Sunday, December 28, 2014

Ring in the New Year with Student Created Learning Goals

Can I get a whoop whoop for Christmas break??!!! I have major plans for these next 2 weeks…but, let's face it…to very much will get checked off my list. I will find myself having to decide between TpT'ing, getting ready to go back to school, or just hanging with my family….hanging with my family will win.every.single.time. :)

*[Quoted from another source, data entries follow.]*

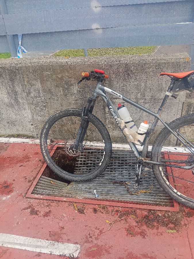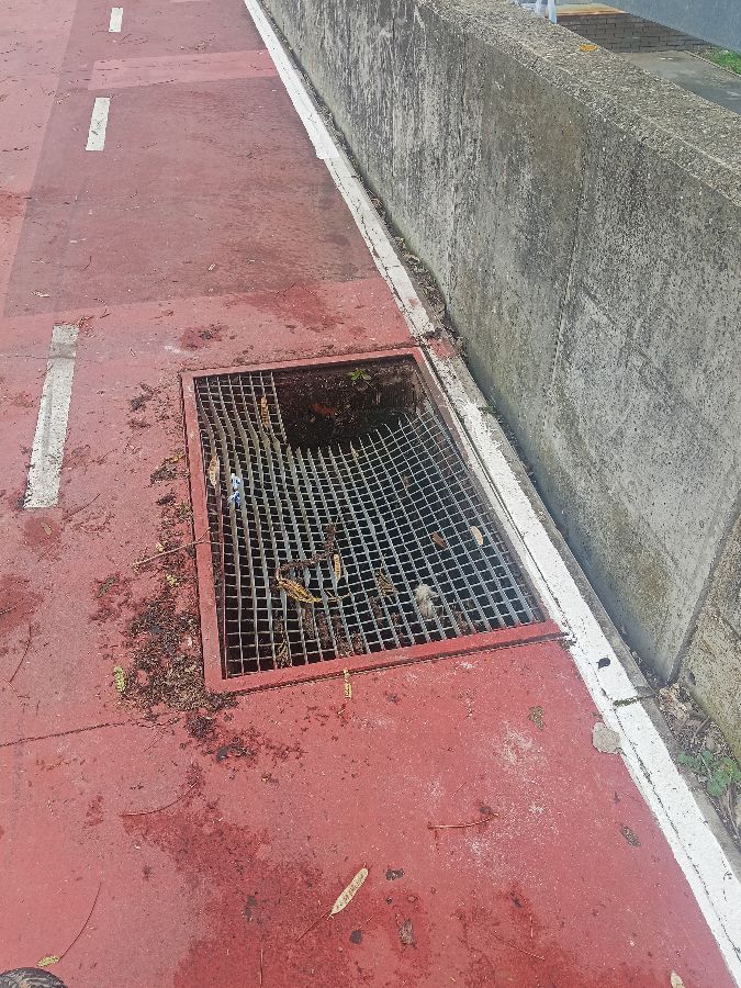 En carril bici al lado de piscina climatizada, rejilla rota con riesgo de hundimiento y lesiones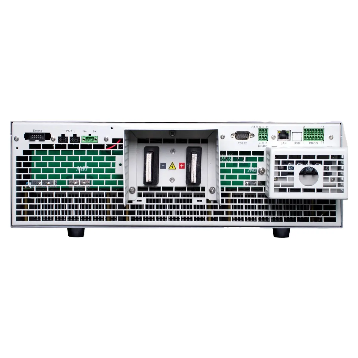 Для работы с прецизионными нагрузками источник питания NGI N38305-80-170 снабжен функцией удаленной компенсации напряжения, обеспечивающей поддержание стабильных электрических параметров на входах подключенного устройства. Также предусмотрена возможность программирования спадов и подъемов напряжения и силы тока с требуемым наклоном встроенными и внешними средствами. Режим моделирования внутреннего сопротивления позволяет имитировать работу ячеек аккумуляторной батареи при тестировании BMS. Поддержка интерфейса расширения мощности Extend позволяет объединять с несколько идентичных устройств, назначая одно из них ведущим, а остальных – ведомыми, что упрощает управление. При работе с мощными потребителями индуктивного характера, которые после отключения выдают обратные токи высокого номинала, рекомендуется дополнительно задействовать электронную нагрузку NL109-80 для безопасного рассеяния мощности.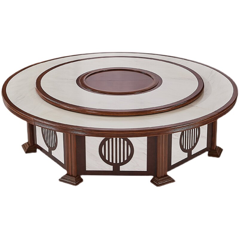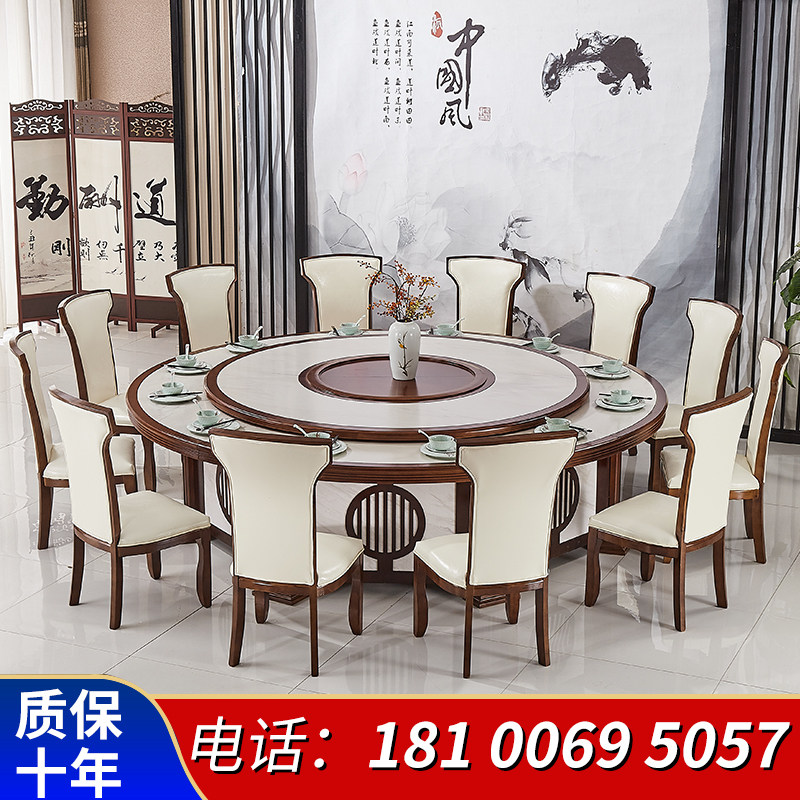 Hotel dining table electric Round Table commercial banquet solid wood new Chinese dining table and chair Hotel Club automatic turntable table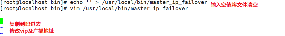 echo '' > /usr/local/bin/master_ip_failover vim /usr/local/bin/master_ip_failover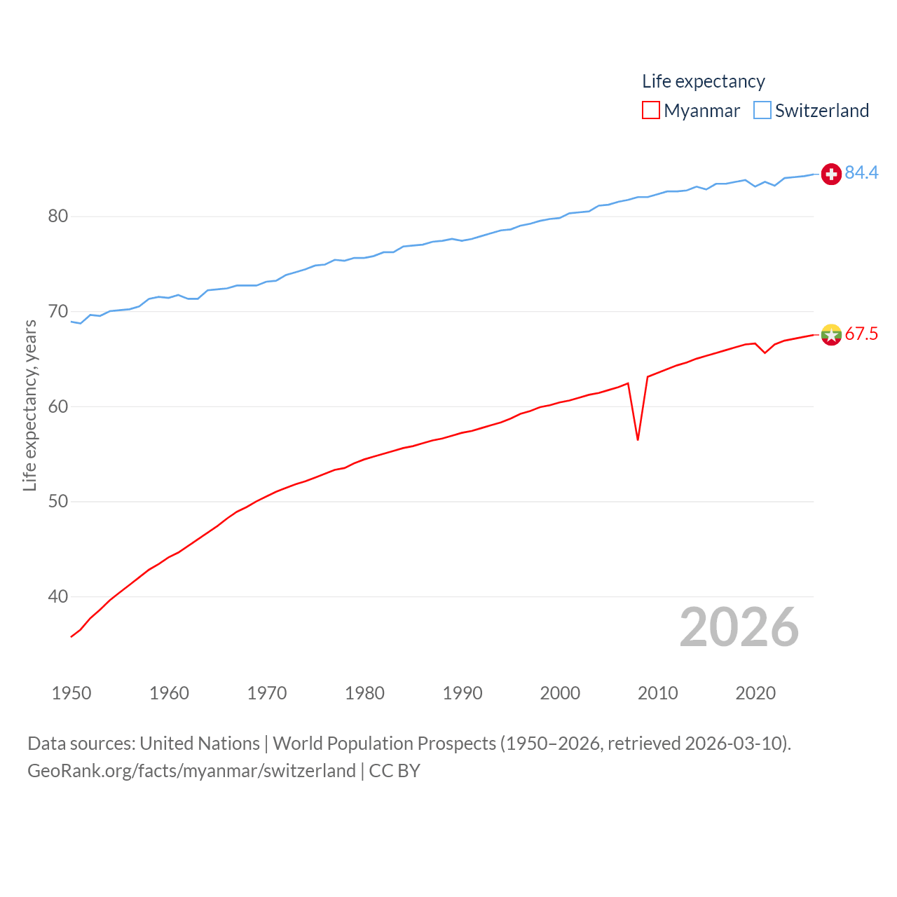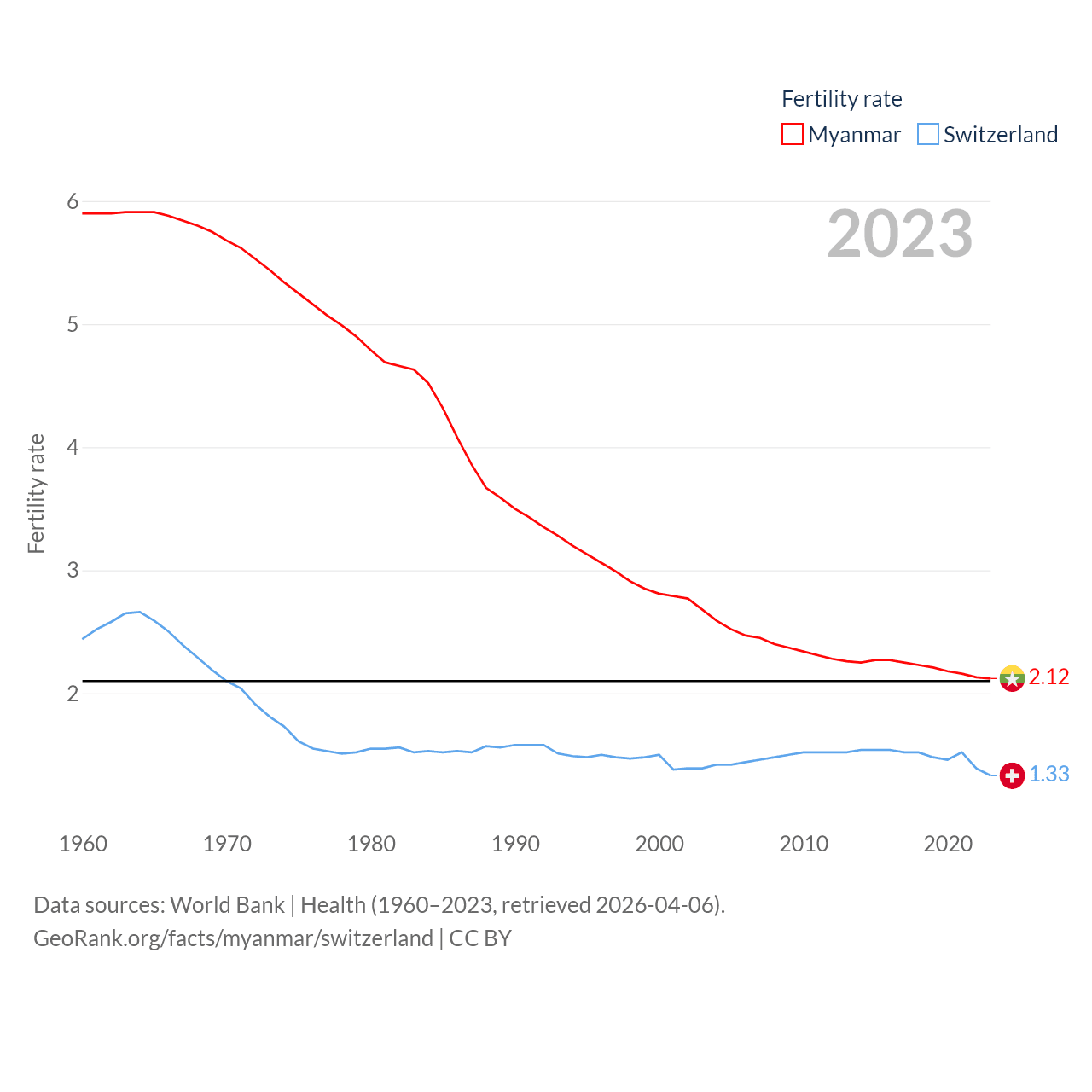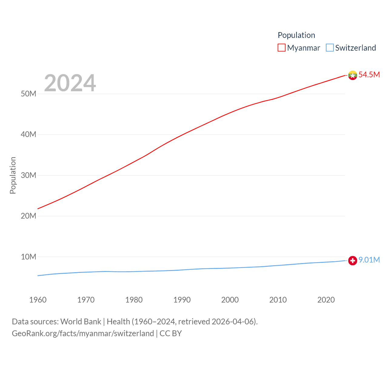 Myanmar has a population of 54.5M (ranked 27/197), compared with 9.01M in Switzerland (ranked 101/197). Myanmar's land area is 251,997 sq mi versus 15,255 sq mi for Switzerland (ranked 39th vs. 131st).

I am **thinking** about what I will do when I get back to school from this break, and I decided the first day back, my students will be creating their own learning goals. Or I guess I should say revisiting and revamping their fall learning goals.

Goal Setting
As teachers we have our teaching goals and objectives which are critical because these give us the direction we need to go. Without them we would not be very effective teachers. But what about our students? Do they know where they need to go? They may know because we tell them and we share our objectives with them, but do they have ownership in that? Is telling them enough to motivate them to expect more of themselves and to strive for the goals we create for them? Probably not.

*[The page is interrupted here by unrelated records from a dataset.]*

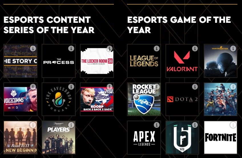 Esports Content Series of the Year Finalists for Esports Awards 2022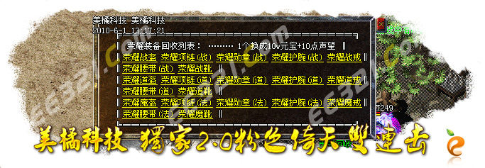 游戏介绍⑤: 游戏装备很好打。回收所有装备。一小时可回收4-6千W元宝.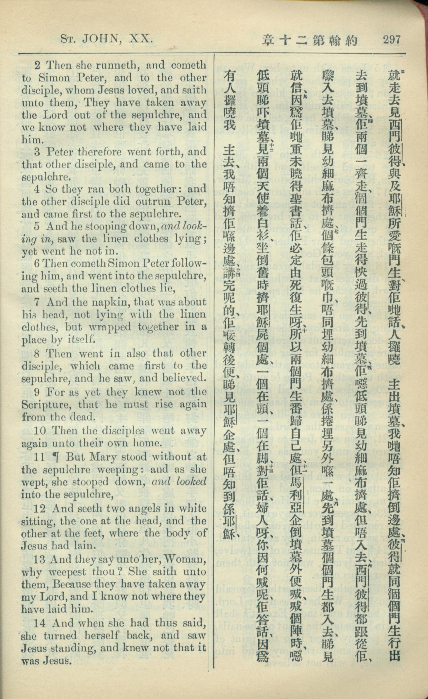 1909年中西字新約全書 約翰福音 20 章 2 節到 20 章 14 節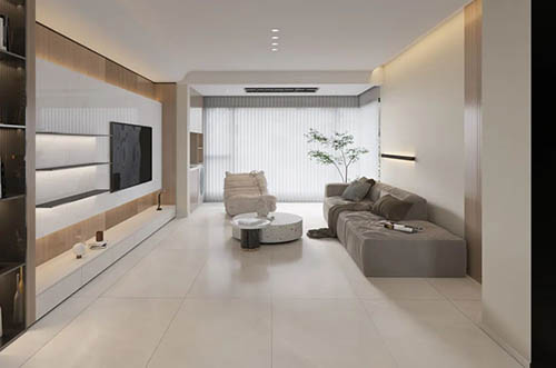 高壓力、快節奏生活給我們帶來疲憊。而家,就是舒緩身心的地方。順輝瓷磚·巖板750x1500mm柔光磚溫潤細膩,與棉麻布藝、原木色以及低飽和色系等家具搭配,給空間帶來更具溫潤、自然的氣息。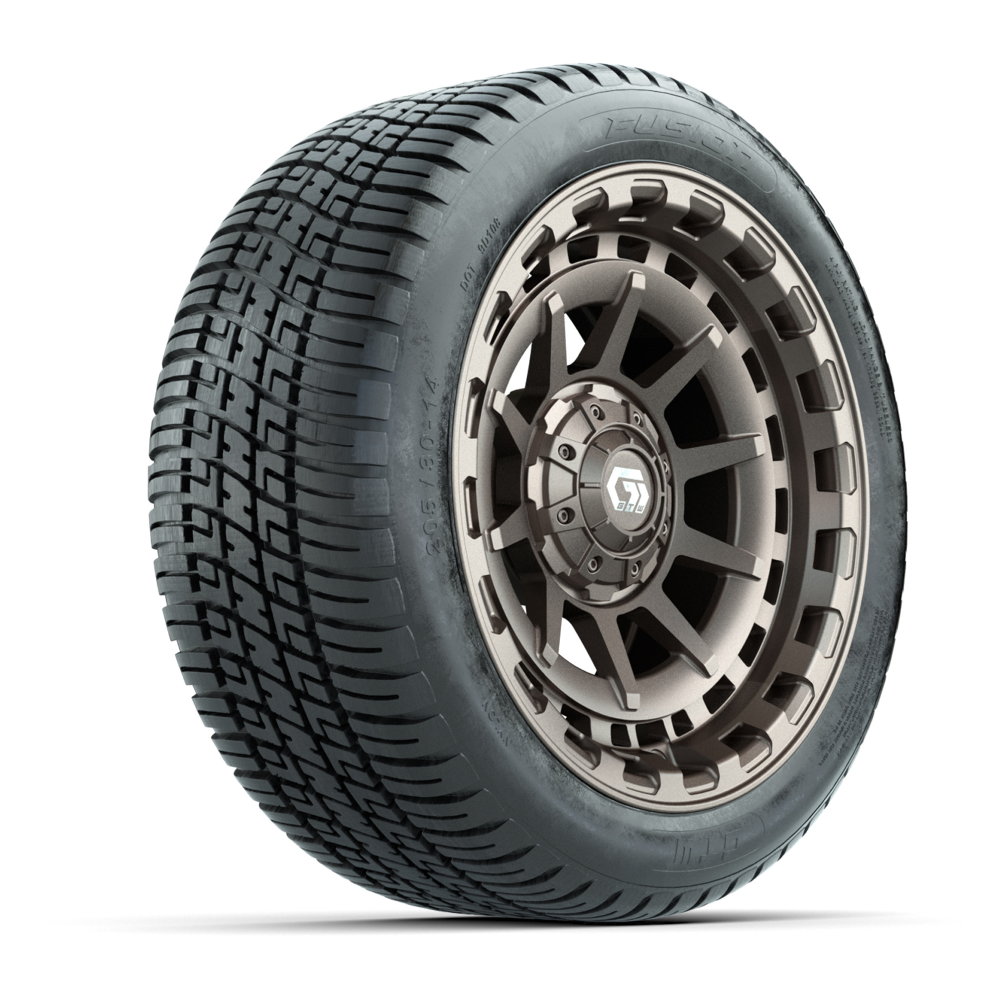 GTW® Barricade Satin Bronze 14 in Wheels with 205/40-R14 Fusion GTR Steel Belted Street Tires – Full Set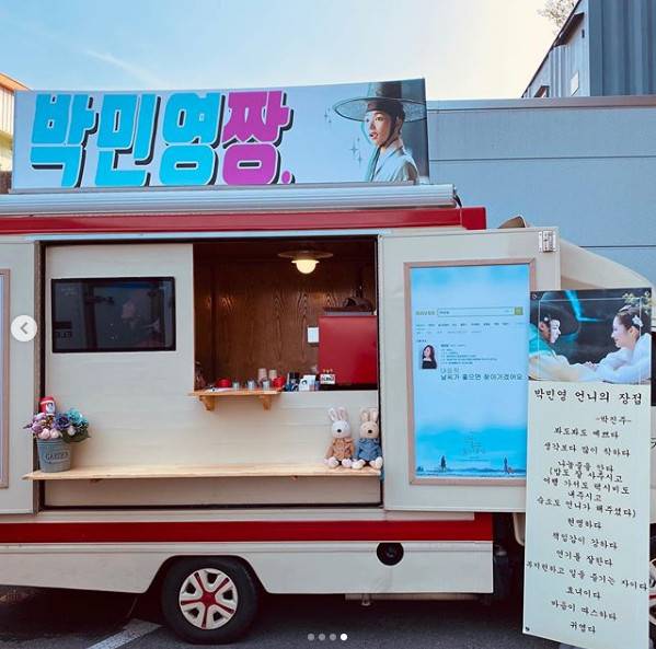 공개된 사진 속 박민영은 박진주가 선물한 커피차 앞에서 인증샷을 찍고 있다.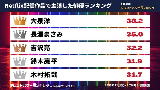 『タレントパワーランキング』では、タレントパワーランキングに登録されている、Netflix配信作品で主演した俳優について、それぞれの結果を調査。

As teachers, we know the best instructional strategies involve the students being active participants. The "sit-and-get" just doesn't cut it anymore. The passing of information from teacher to student isn't engaging to students. Some of them will learn the material, others will not. We want all our students to be successful. Sharing our essential questions and objectives with students is important, don't get me wrong. It lets them know what they can plan on learning for that day, week, or unit of study. But if we want students to truly take responsibility for their performance, for their learning, we have to let them be active participants. When students are active in their learning, they take pride in it, and they have a sense of accomplishment. What better way to do this than to help them create learning goals for themselves? 

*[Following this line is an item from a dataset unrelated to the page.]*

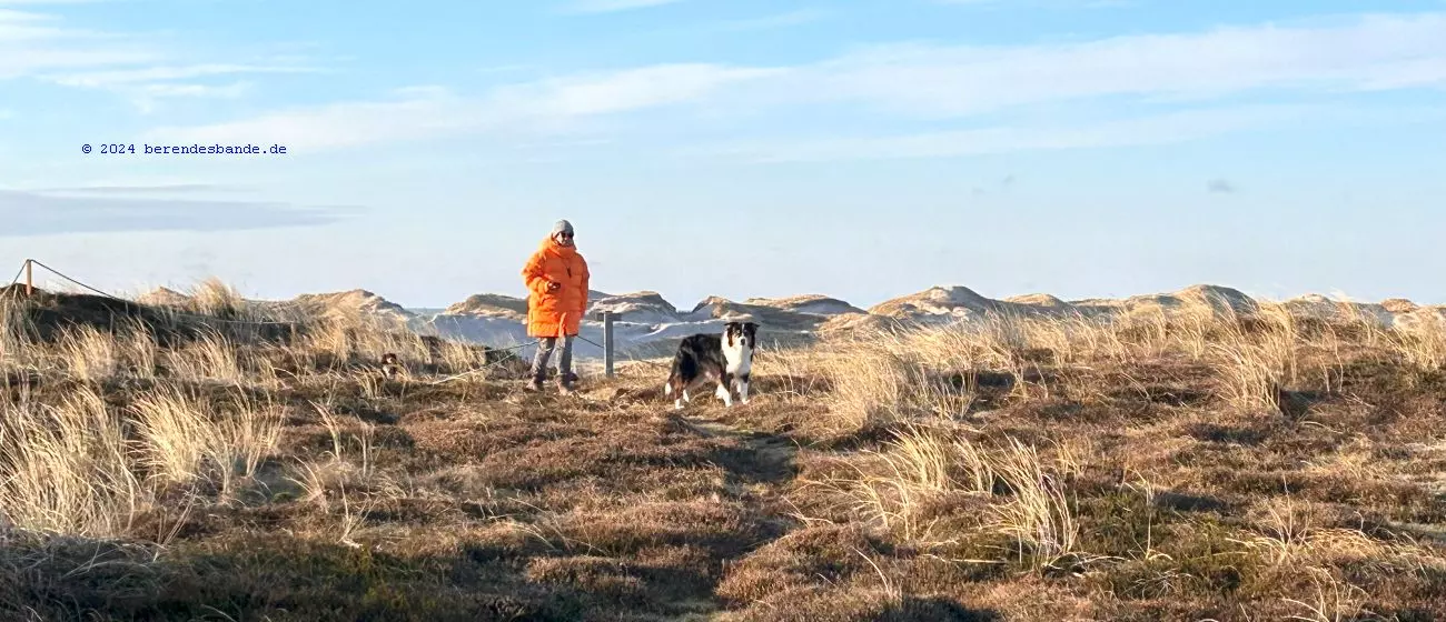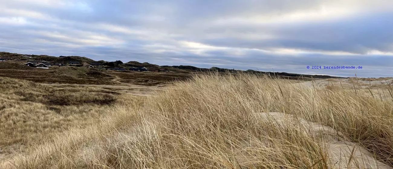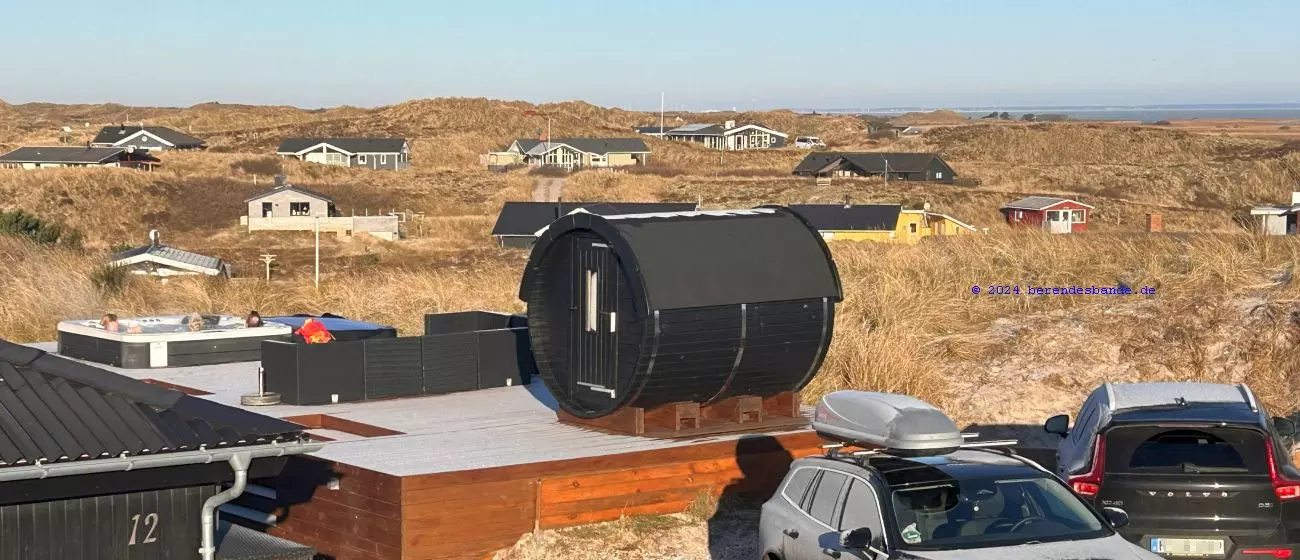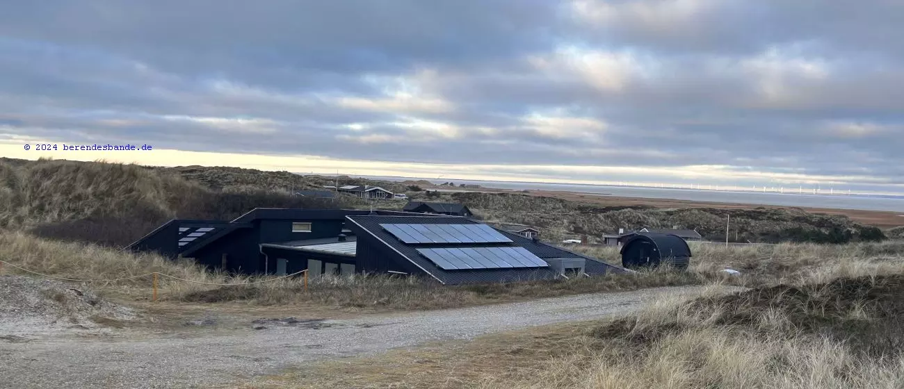 So auch in 2024, wieder geht die Reise in die Nähe von Hvide Sande, auf einen schmalen Ladstrich zwischen Nordsee und Ringkobing Fjord. Unsere Ferienunterkunft haben wir wieder über Esmark.de gebucht. Sie liegt etwa 12 km südlich von Hvide Sande. Die Unterkunft hat wirklich alles, was das Herz begehrt, angefangen vom Außen-Whirlpool und der Fasssauna, über den Billardtisch und die Tischtennisplatte, bis hin hin zur voll ausgestatteten Küche. Das Haus, im Havvej 12, liegt erhöht in den Dünen, es hat von der Terrasse einen traumhaften Blick auf den Fjord und ist von den umliegenden Häusern nicht einsehbar. Es spielt eigentlich keine Rolle, da die Feriensiedlung mehr oder weniger unbewohnt ist. Es ist natürlich kein Problem mit den Hunden spazieren zu gehen. Und in diesem Jahr haben wir auch noch Glück mit dem Wetter. Die Sonne lacht bei -7 Grad vom Himmel, als wir am Freitagnachmittag ankommen. Das ändert sich erst am Dienstag, als es sich bewölkt und die Temperatur über null Grad steigt. Es bleibt allerdings trocken. Wir genießen es, im Whirlpool und in der Saune zu entspannen. Ansonsten lassen wir die Seele baumeln und tun einfach mal - nichts.

Students as Active Participants
Students tend to be their own worst critic, so getting them active in creating goals for themselves will motivate them to do the very best they can. It also helps them pinpoint areas of weakness that they need to improve. Sure, we can tell them they need to work on 'XY and Z', but sometimes that is in one ear and out the other! It's kind of like when you let students "help" make their classroom know what you want the rules to be, so when needed, you gently nudge them in that direction. But most often, what happens? They end up making rules that you wanted, and, I know for me, sometimes they would come up with rules I hadn't even thought about! The point is, when you allow students to have some authority, they will often do so at the level you expected, and sometimes rise above it. 

How to Start
Learning goals aren't easy for students to create, which is why when I first begin, I create class learning goals. I share my essential questions and objectives for the next unit of study, and I model how to create goals. I use the gradual release model of lessening my support. Next I let them lead in creating class goals, then I shift to having them create their own individual goals. My students love checking their progress with their goals. It keeps them motivated to continue working, even if something is difficult for them because they don't want to fail. 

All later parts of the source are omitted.